Coffee Shop Monthly P&L Tracker

Revenue
- Beverage sales
- Food sales
- Retail (whole bean, merch)
- Catering / wholesale
- Gift card redemptions
Total Revenue: [sum]

Cost of Goods Sold
- Coffee beans (green + roasted)
- Milk and dairy alternatives
- Syrups and flavorings
- Tea and other beverages
- Food and pastries
- Cups, lids, sleeves, packaging
- Retail inventory cost
Total COGS: [sum]
Gross Profit: [Revenue - COGS]
Gross Margin %: [Gross Profit / Revenue]

Operating Expenses
- Rent + CAM
- Utilities (electric, water, gas, internet, trash)
- Payroll (wages)
- Payroll taxes
- Workers' comp
- Benefits
- POS + software subscriptions
- Merchant processing fees
- Marketing and advertising
- Repairs and maintenance
- Music licensing (ASCAP/BMI/SESAC)
- Licenses and permits
- Insurance
- Bank fees
- Bookkeeping / professional fees
- Supplies (non-COGS)
- Mileage / vehicle
- Other
Total Operating Expenses: [sum]

Net Operating Income: [Gross Profit - Operating Expenses]

Paste that block into ChatGPT or Claude with a prompt like: "Turn this into a Google Sheets template with formulas for totals, gross margin %, and a 12-month rolling view. Output as a CSV I can import." The model can return a CSV template with formulas that you can review before importing into Google Sheets.

If catering, wholesale, or office coffee accounts are part of your revenue mix, a clean invoice template for coffee shops makes those billable receivables easier to track alongside daily POS sales.

Frequently asked questions

Can I deduct coffee I drink while working in my own shop?

Coffee consumed by the owner during work is generally not separately deductible. The cost of the beans and milk is already in your COGS, so deducting it again would double-count. Free drinks given to staff during their shifts are typically deductible as a de minimis fringe benefit or part of meals, depending on how you structure them. Comped drinks to customers (a regular's birthday, a fix for a mistake) are also already inside COGS.

Are tips taxable income for the business?

Tips paid directly to employees are their taxable income, not the cafe's revenue, and you don't pay income tax on them. You do have to withhold payroll taxes on reported tips and pay the employer share of FICA, both of which are deductible. Mandatory service charges (a 20% auto-gratuity on catering, for example) are treated as wages, not tips, and run through payroll.
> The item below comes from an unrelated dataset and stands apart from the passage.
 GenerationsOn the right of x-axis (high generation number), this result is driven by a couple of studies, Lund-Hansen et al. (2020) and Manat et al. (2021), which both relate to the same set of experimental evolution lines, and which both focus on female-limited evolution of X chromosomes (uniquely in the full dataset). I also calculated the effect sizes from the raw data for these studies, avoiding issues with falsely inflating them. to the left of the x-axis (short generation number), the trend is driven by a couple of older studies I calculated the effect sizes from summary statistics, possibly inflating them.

Can I write off the full cost of an espresso machine in year one?

A coffee shop may be able to write off the full cost of an espresso machine in year one through Section 179 or bonus depreciation if the machine qualifies and the business has enough taxable income to use the deduction. The default treatment is to depreciate it over five to seven years. Run the numbers with your CPA, since taking the full deduction in year one isn't always optimal if you expect higher income in future years.
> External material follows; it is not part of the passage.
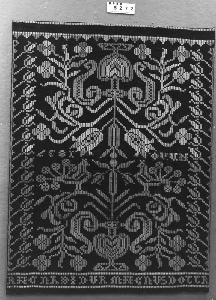 Glitofið söðuláklæði á svörtum grunni. Munstrið er blómalíki og hlutar í tveim rauðum litum og tveim grænum litum. Neðst á áklæðinu stendur "RAGNHEIÐUR MAGNÚSDÓTTIR" fyrir miðju á hvolfi stendur "ANNO 1837".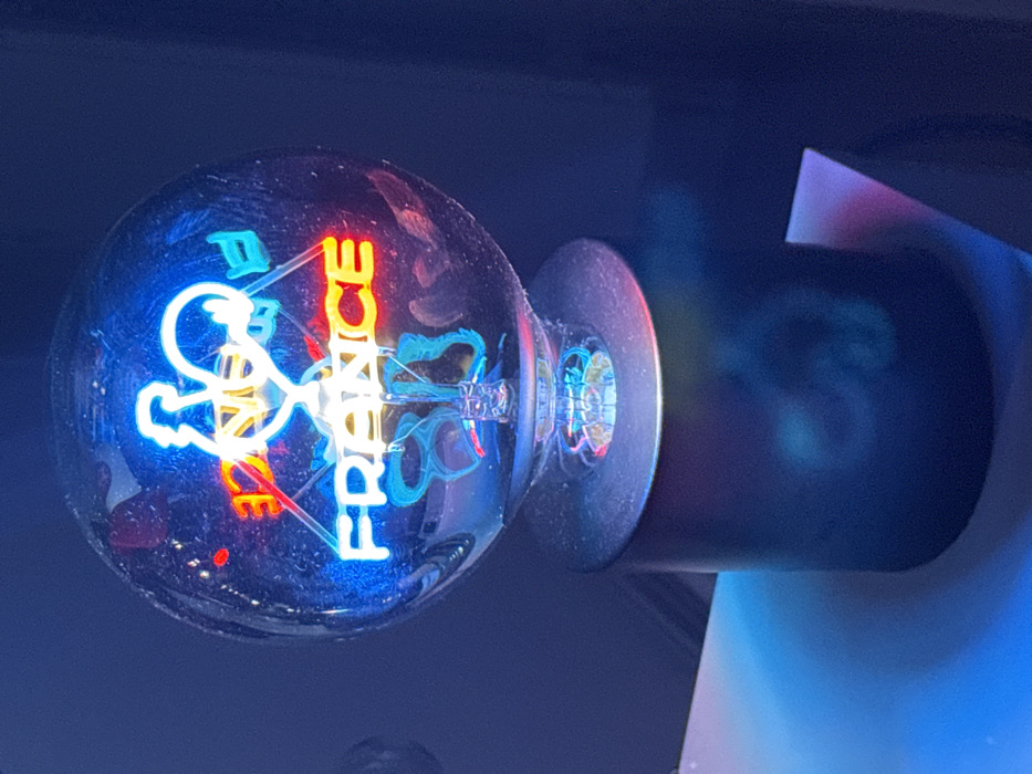 - "A glass lightbulb displays the word "PRINCE" in bright neon colors" by FM-4BMmE2, licensed under CC BY 4.0

Are samples and free drinks deductible?

The ingredients used in samples and comped drinks are already deducted through COGS, so there's nothing extra to write off. You don't need to track free drinks separately for tax purposes, but tracking them operationally is smart, because it tells you what your "comp rate" is and whether staff giveaways are eating margin.

What records does the IRS expect me to keep?

Receipts, invoices, bank and credit card statements, canceled checks, payroll records, mileage logs, and any documentation supporting a deduction. The general rule is to keep records for at least three years from the date you filed the return, longer in some cases (six years if you underreported income by more than 25%, indefinitely for fraudulent returns or no return).

Digital copies are acceptable. The cleaner your business checking account and accounting software, the less of this you'll ever have to dig through.